It is rape. I am forced into a rape situation, and I let it happen, I am still coerced. This makes what I did involuntary, rendering the idea of my action to be irrational.

I have a hard time grasping how one can logically say that one has the right to someone else's life. That is my main problem with people. When some new tax comes out to tax more of the rich to give to people they don't even know, I have a huge problem with it. I have a huge problem with people reaching into my pocket and telling me I must care for a person I do not want to care for. Yet the majority of voters, including democrat and republican, somehow get away saying that they do it so that the good of all is achieved. There is no reason why everyone deserves a "right" to health care and such if it takes away my right to manage the money I worked for just like I have no "right" to walk into a poor man's house and take all he owns.

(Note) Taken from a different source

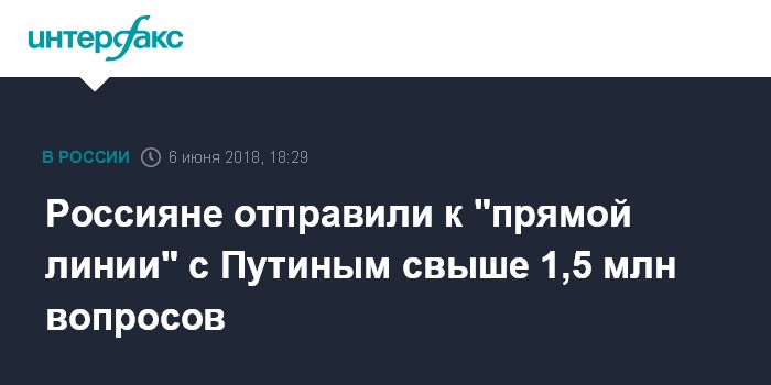 Москва. 6 июня. INTERFAX.RU - В преддверии "прямой линии" президенту РФ Владимиру Путину было задано более 1,5 млн вопросов.

If I am to give to people I would like to do it rationally and voluntarily, not because I have a gun to my head. Especially when the money I could be giving could be going to some waste of space blowing their money on crack and alcohol while their children starve. Not all people are equals. Some people are better than others because they have worked for it. At birth, all humans are equal, but eventually all humans become individuals and begin to think with their own brain. Some make irrational decisions that lead to their destruction, others make rational decisions that lead to financial success. Some are born in an environment where the struggle to be rational and to achieve financial success is harder. If they make it out of that situation and become a successful rational business man, they completely deserve every penny they earn and have proven that they are a monumental human being.

The philosophy of altruism, believes that the crack-addicted, children-starving man and his hardworking son who ended up becoming a business man are both equals. Those who propose this philosophy believe that the hardworking business man should have to give money to his father who almost starved him to death (and granted, he also gives towards those in a familiar situation to his and etc.). Then the father can go by more crack and still be considered to be equals with his hardworking son. This is a bunch of bull****.